Improve patient and carer experience of mental health services
Though much of the focus of the work on this plan was on the improvement of services, the strongest message we heard was that service users and carers still had experiences of the mental health system that did not match their expectations and the commitments of public and other bodies.
This is not a new problem, but it is disappointing that more progress has not been made. We need to address this issue more directly, not simply restate existing principles or develop new ones. Change is possible, but we need better levers to produce change and clarity about the changes that we expect to see. By addressing cultures and behaviours in our services we will improve the experience of all those who work in the system and those who come into contact with it.
Commitment 1: We will develop a tool to assess the degree to which organisations and programmes meet our expectations in respect of equality, social inclusion, recovery and rights. The tool will be piloted in 2007 and be in general use by 2010.
Work has already begun on the tool and is being led by the Scottish Recovery Network, drawing on the Recovery-Orientated Practices Index methodology developed in the United States. The key areas the tool will cover are:
- Equality, non-discrimination and respect for diversity
- Social inclusion, particularly in relation to the new duties under sections 25 to 31 of the Mental Health (Care and Treatment) (Scotland) Act 2003
- Recovery, the degree to which services are structured to deliver better outcomes across a range of domains, including employment, housing, education and training opportunities, family and social life
- Rights, in particular the Millan Principles, notably reciprocity, benefit, and participation
The tool will establish expectations and support local assessment of structures and services and enable the identification of where change is required. This will complement the work that we are doing on benchmarking, in order that we can start to gather information and start to measure 'like with like' and see where we are making improvements or where more work is needed.

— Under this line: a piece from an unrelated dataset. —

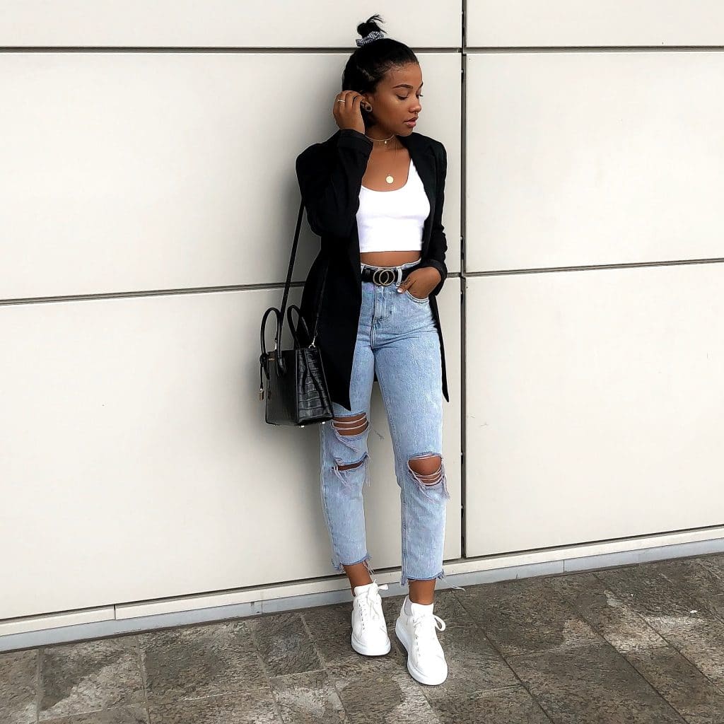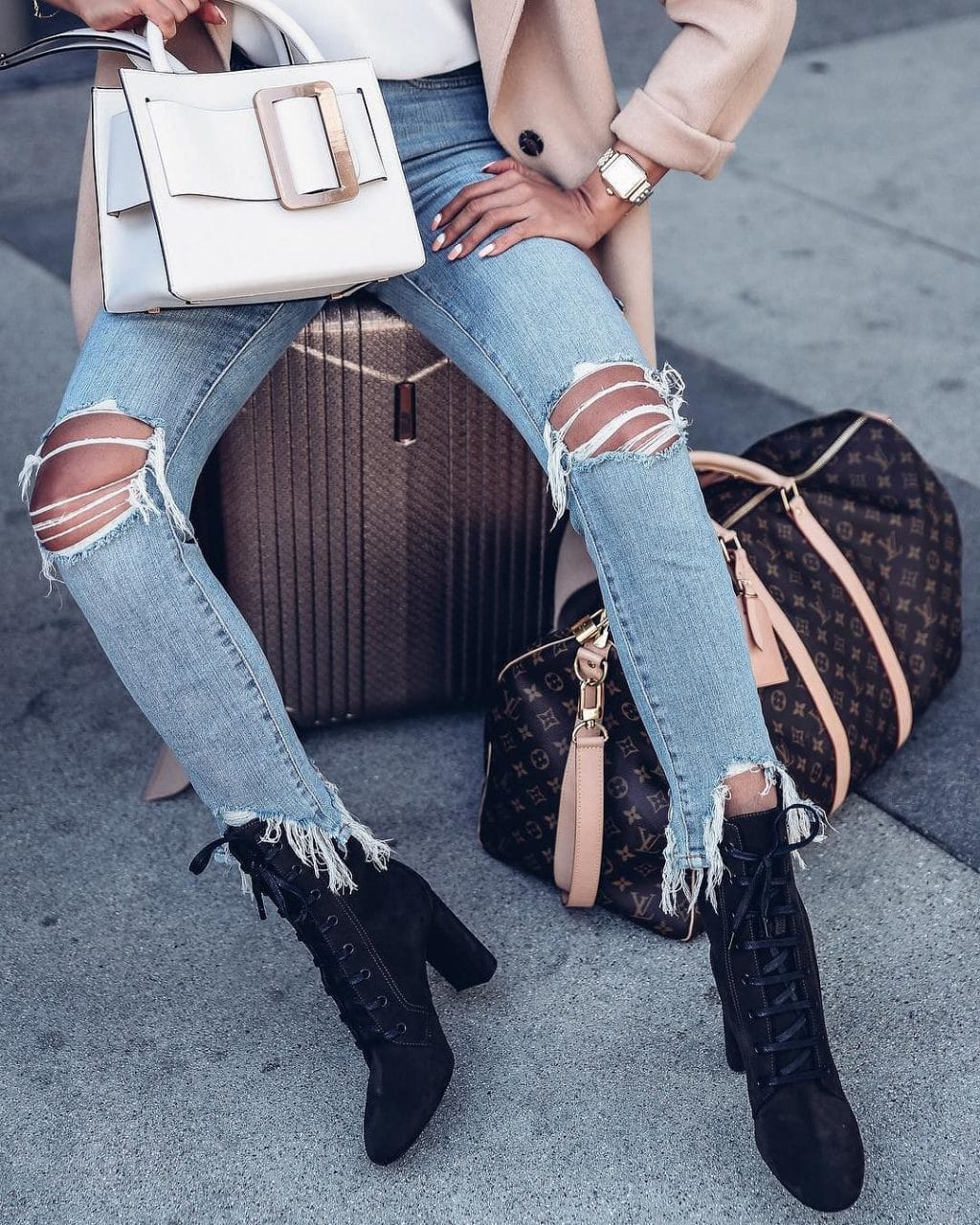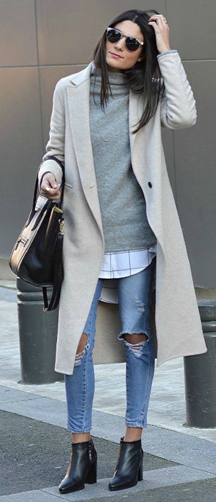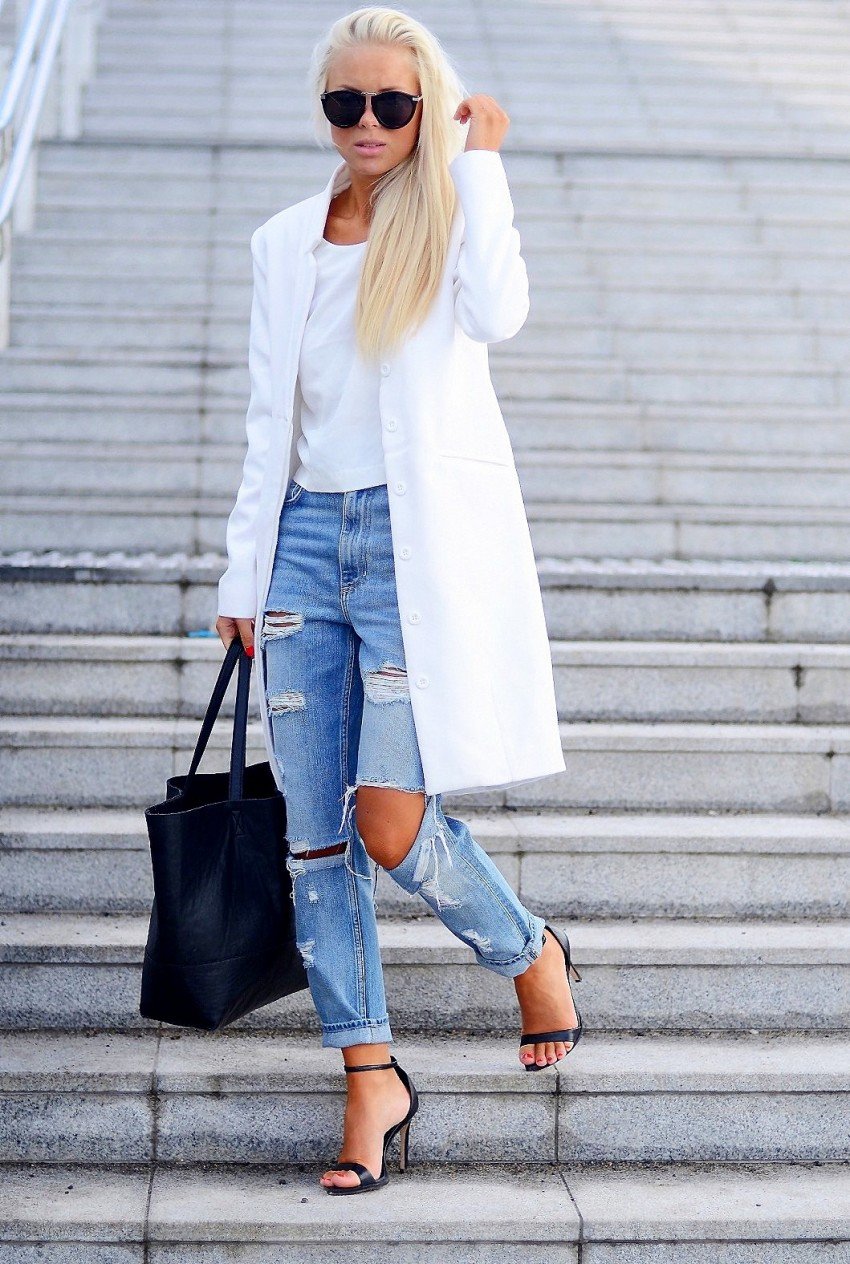 Although a coat is considered a more feminine thing, with ripped jeans you can also wear it. The coat can be both fitted and oversized. All jeans models will fit into such an image: mom jeans, skinny, straight.

In addition, we will work with NHS Education for Scotland and other professional bodies to develop a common set of behavioural expectations for those working in mental health services, which in turn should influence practice and service delivery.
We believe that we can also support change in cultures and behaviours by embedding peer support workers in mental health services. Peer support workers are an example of expert patients, being trained staff who themselves have direct experience of mental illness who are part of the care team.
Commitment 2: We will have in place a training programme for peer support workers by 2008 with peer support workers being employed in three board areas later that year.